Bir yanda Büyükşehir Belediyesi’nin imarlandırıp satma planları yaptığı.. Bir yanda sazlık alanları yakılıp sulak alandan beslenen canlıların yok edildiği.. Bir yanda çevreden getirilen balçığın, hafriyatın, atıkların uluorta atılıp bırakıldığı.. Bir yanda yine aynı bölgede kurulmaya çalışılan Tarıma Dayalı Organize Sanayi Bölgesi’nde yapılan dolgu çalışmaları ve arazinin özelliğini bozacağı kaygıları.. Bir yanda bölge sakinlerinin ve sivil toplum örgütlerinin uyarıları, eylemleri ve bunlara kulaklarını tıkayan yönetim anlayışı.. Daha neler neler… Gerçekten de ne çektin be Dalyan.
KUBİLAY SAYGIN ÖZTÜRK
Edremit Çevre Platformu
Edremit Çayı’nın denize döküldüğü bölge ile hem Ören ve hem de Akçay yönünde oldukça geniş bir çevre, oldukça uzun bir zamandan beri “Dalyan” diye adlandırılıyor. Fiziki bir tanımlama bu. Bir zamanlar sazlıkları, sulak alanları, küçük dereleri, binlerce kuşları ve balıklarıyla ünlü olan bu alan, zamanla konut baskısıyla yapısal bir değişim geçirdi. Kurutulan yerlere oteller, tesisler, binalar dikildi, yazlık kasaba görünümünden büyük kent görünümüne dönüştü. Günümüzde ise, derenin denize kavuştuğu kesimin iki yanında, iki farklı dert var. Bir yanında Dalyan’dan geriye kalan son Hazine arazileri Büyükşehir Belediyesi’ne devrolundu, imar planı değişikliği ve satış konularıyla anılıyor bugün. Diğer yanı ise OSB olarak tercih edildi ve şu anda vahşi bir dolgu işlemiyle zemini yükseltiliyor.
OSB İÇİN YAPILAN UYARILAR DİKKATE ALINMADI
İlk hususta çok şey yazılıp söylendi, mücadelesi sürüyor.. Bu kez de OSB tarafıyla ilgili durumu irdeleyelim biraz. Biliyorsunuz senelerdir her yaz mevsiminde yakıldı buradaki sazlık alanlar. Çoğu kez, sivrisinekler bahane edildi yangınlarda.
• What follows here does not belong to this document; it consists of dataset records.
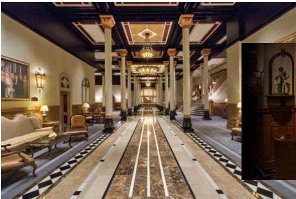
Experience The Driskill Bar, recently named the best cocktail bar of Austin by The Austin Chronicle !

Restored to its original opulence, The Driskill sets the standard for elegance in Austin, Texas. From the magnificent columned lobby with its marble floors and stained-glass dome to the classic, newly revitalized décor of the 189 guestrooms and suites, The Driskill ensures that every stay is a memorable one. As a member of The Historic Hotels of America, The Driskill is among the world's finest hotels, offering an unforgettable level of luxury and service.
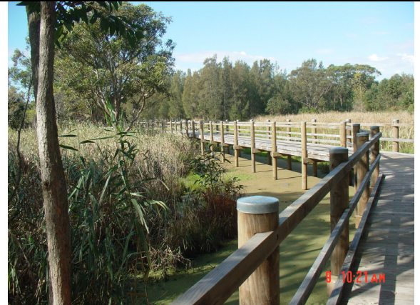
Sydney Coastal Estuary Swamp Forest Complex at the Warriewood wetlands
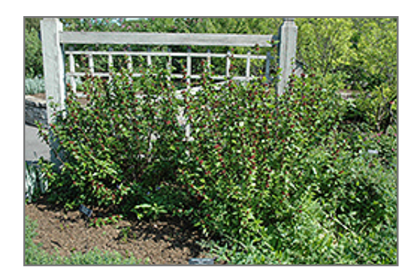
Common Sweetshrub in bloom

This is a relatively low maintenance shrub, and is best pruned in late winter once the threat of extreme cold has passed. Deer don't particularly care for this plant and will usually leave it alone in favor of tastier treats. It has no significant negative characteristics.
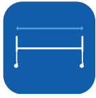
Bed Deck Length ▼
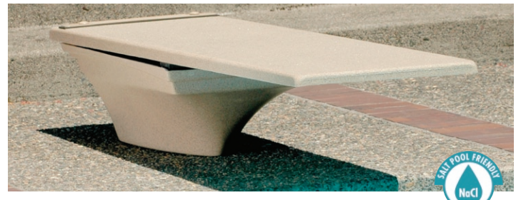
Flyte Deck II Stand

Fakat burada yapılması düşünülen bazı tesisiler her zaman dilinde söz konusuydu. Aslında vaktiyle burası da bir sulak alandı, yani nitelikli bir coğrafi alandı. Fakat yerüstü suların drenajını engelleyen sahil yolu inşasından sonra, yıllar geçtikçe güneydeki araziler mera özelliği kazandı. Eski paftalarda Çıkrıkçı merası diye anılıyor bu alan. Sonra 2018’de buradaki 720 dönüm alan üzerine bir Tarıma Dayalı Organize Sanayi Bölgesi yapılması gündeme getirildi. Pek çok kurum gibi Tarım Bakanlığı’na da soruldu durum ve bu sahanın “vasfını kaybetmiş mera” olduğuna dair bir karar geldi. Proje bu şekilde onay gördü. Sonuçta 640 dönüm arazinin tapusu şartlı ve bedelsiz olarak Edremit TDİOSB’ne verildi. Ortakları içinde valilik, Balıkesir BB, Edremit kaymakamlığı, belediyesi, ticaret odası, borsası, ziraat odası ve bir kooperatif var. Belki de işte bu nedenle hiç kimse ses çıkartmadı OSB kurulurken, çekindi. Sadece EDÇEP yerel seçim vesilesiyle 10.03.2019’da “İklim koşullarına uyularak, ova kesiminde süs bitkileri ve seracılık alanlarında özel bir yatırım bölgesi kurulmalı ve kırsal kesim için yeni bir gelir alanı açılmalıdır. Ancak bu girişim, arazinin özelliğini bozmayacak şekilde planlanmalıdır” dedi. 15.05.2019’da “İlçemiz için hem tarımsal üretime katkıda bulunması ve hem de istihdam yaratması açısından önemli bir adım atılmıştır. Ancak, Edremit’in stratejik çevre planı ve kentsel gelişimi açısından, OSB’nin nerede yer alacağı da büyük önem taşıyor. Bu sebeple, yer seçimi konusunda girişimcilerin yanı sıra, ilçemizdeki tüm tarafların, belediye ve STK’ların da görüşü ve onayı mutlaka alınmalı, konsensus sağlanmalıdır” diye görüşünü açıkladı. Fakat ne yazık ki o zaman yapılan bu uyarıyı, ne yerel yönetimler ve ne de STK’lar, siyasi partiler dikkate almadılar, ses çıkartmadılar.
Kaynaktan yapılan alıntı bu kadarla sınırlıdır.